One of the conclusions my my studies so far so far has been that the geologically-recent explosion of cultural evolution that we are now witnessing was triggered more by social networking skills than by factors associated with brain size or intelligence.

Human behavioural imitation apparently required the complex ability to mentally put yourself in another person's shoes while watching them perform tasks. For our ancestors, this appears to have required relatively advanced cognition - as ably explained by Susan Blackmore in The Meme Machine. So, there is a limited sense in which the conventional wisdom that "intelligence did it" is correct.

However, in memetics, large brains are seen more as a consequence of cultural evolution than a cause of it. Big brains have evolved to be meme nests. Large brains are the nervous system equivalents of ant domatia. They are homes for memes. Psychological support for cultural transmission - rather than intelligence - was really the key here.

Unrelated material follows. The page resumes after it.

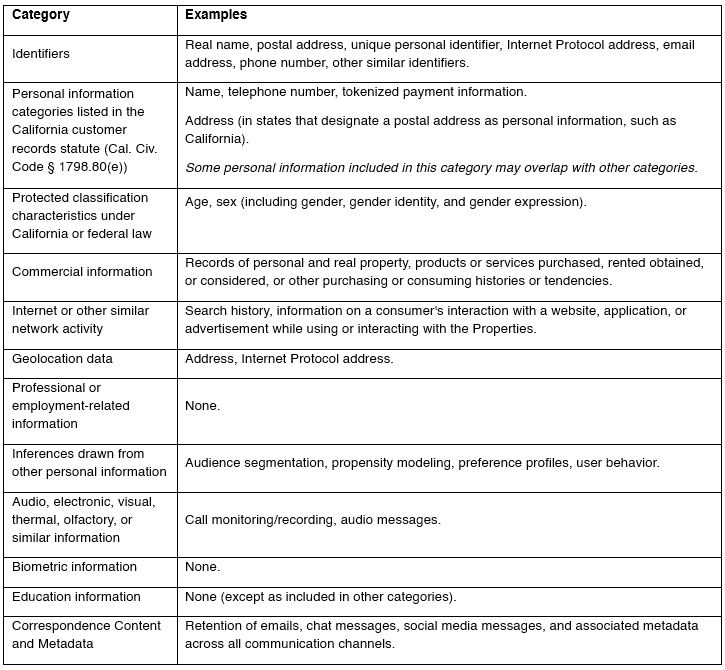 Categories of Personal Information Collected

This strongly suggests that sub-human level machines could effectively reproduce the human explosion in cultural evolution. Machines can copy each other easily. We can engineer them to be social. I think this means that we can forget about attempts to directly reproduce "human level" machine intelligence, and work instead on swarms of relatively stupid minions. Then the power of collective intelligence and the wisdom of crowds can be used to get them to perform useful work for us. It will be a new kind of society of mind.

Machine progress has occurred largely by them being strong in domains where we are weak. If the aim is to reproduce human cultural evolution in a machine-based substrate (in order to better make progress) then a frontal attack on directly reproducing human cognition in machines doesn't seem to make very much sense.

To a large extent, I think that using swarms of minions is largely what humans have been doing anyway. We do already have huge numbers of not-too-smart computer systems - and we have been a putting considerable amount of effort into networking them together.

Today, much of the main action is in the process of moving out of brains and into data centers. I expect data centers to become the main social centers for machines. The coming explosion of machine intelligence looks set to take place in the computing cloud.

Interestingly, data centers are usually out of town - where land is cheap. The centers of machine civilization and human civilization thus look set to be geographically separated - although intimately connected by high-speed networks. This will create an interesting dynamic.